Google’s Ngram as a useful research tool for feminist rhetorical historiographers, a distant reading tool that searches for words and phrases over the entire Google Books corpus and generates a visual graph that shows when those words or phrases appear over 200+ years.  These tools allow researchers to incorporate evidence (and find new questions) that would have been impossible for a single scholar to aggregate. (643-645) example: Aspasia

interactive online histories like the Harvard Film Study Center and Laurel Ulrich’s site DoHistory, which invites readers to read an 18th-century American midwife’s journal (Martha Ballard) and “translate” her diary, read other contemporary documents next to it and come to their own historical conclusions about events, etc. (650).  These interactive histories, though, bring to light a “different dynamic of power” between audience and scholar (650).

digital archives aren’t necessarily “disembodied” and therefore counter to the principles underlying feminist research – certain digital archives allow for “virtual proximity” with their abundance of data that researchers can use to find new connections, patterns in their digital recovery efforts.

Subheadings: “Digital Archives, Strategic Contemplation, and Virtual Proximity”; “Social Circulation, Evidence, and Distant Reading”; “Critical Imagination, Dangerous Moves, and Multimodal Histories” – these subheadings correspond to Royster and Kersch’s principles.

 

Quotable Quotes

“Evidence here becomes pattern, repetition, and aggregation” (645) – the kind of evidence generated through distant reading methodologies (e.g. Moretti)

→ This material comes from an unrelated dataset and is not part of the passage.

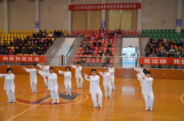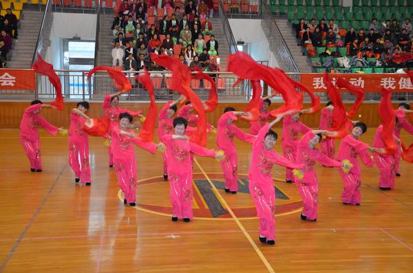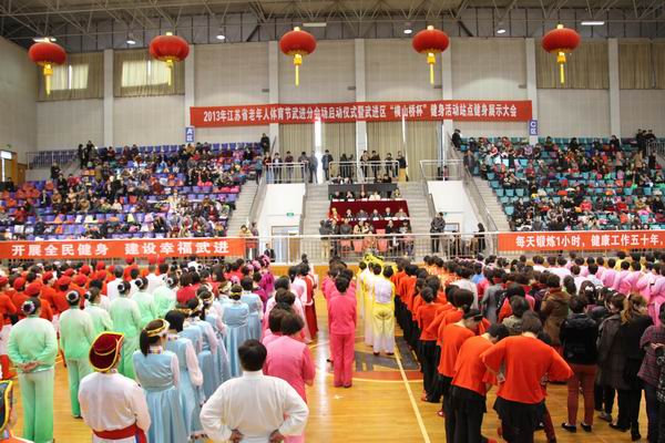 2013年4月20日,2013年江苏省老年人体育节武进分会场启动仪式暨武进区“横山桥杯”健身活动站点健身展示大会在在横山桥高级中学体育馆举行,来自全区49个健身站点1000余人参加了展演活动.此次活动由武进区体育局主办,横山桥镇人民政府、区秧歌协会、区老年体协承办,江苏宇江化工建材公司协办。(武进老体协供稿)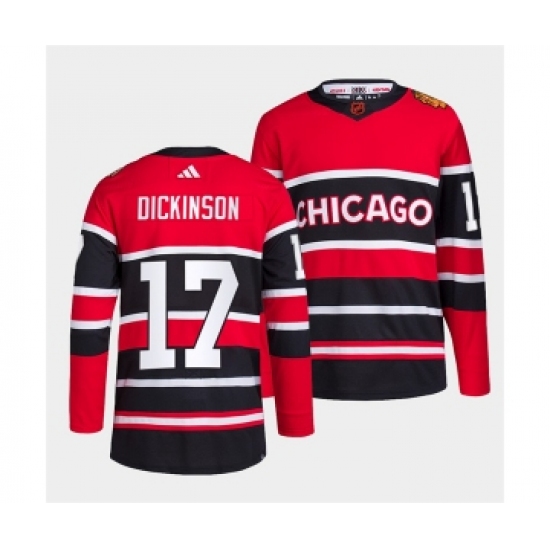 Men's Chicago Blackhawks #17 Jason Dickinson Red Black 2022 Reverse Retro Stitched Jersey

“We intend this essay to function as a springboard for feminist historians (and all historians, in fact) to consider their relationship to the digital humanities” (637).

“The work accomplished in Feminist Rhetorical Practices: New Horizons for Rhetoric, Composition, and Literacy Studies” enables us to put feminist historiography in conversation with the digital humanities in general and digital historiography more particularly for the purpose of considering how the two fields of study may come together and invigorate one another, how they might complicate one another, and how they may run in contradistinction to one another” (636-37).

“Whereas we once confronted a seeming dearth of archival evidence, now it seems that opportunities for digital recovery are everywhere” (639).

“the culture of code is likely to be off-putting to women at best and discriminatory at worst” (652-653) – countered by local, smaller groups dedicated to teaching women scholars how to code.

“Since a great deal of feminist historiographic work hinges on the idea that women have been all but erased from rhetorical history and the rhetorical record, a marked characteristic of feminist research has been to recover forgotten figures whose rhetorical significance is often found in out-of-the-way places rather than institutional and federal archives with enormous holdings” (637-638).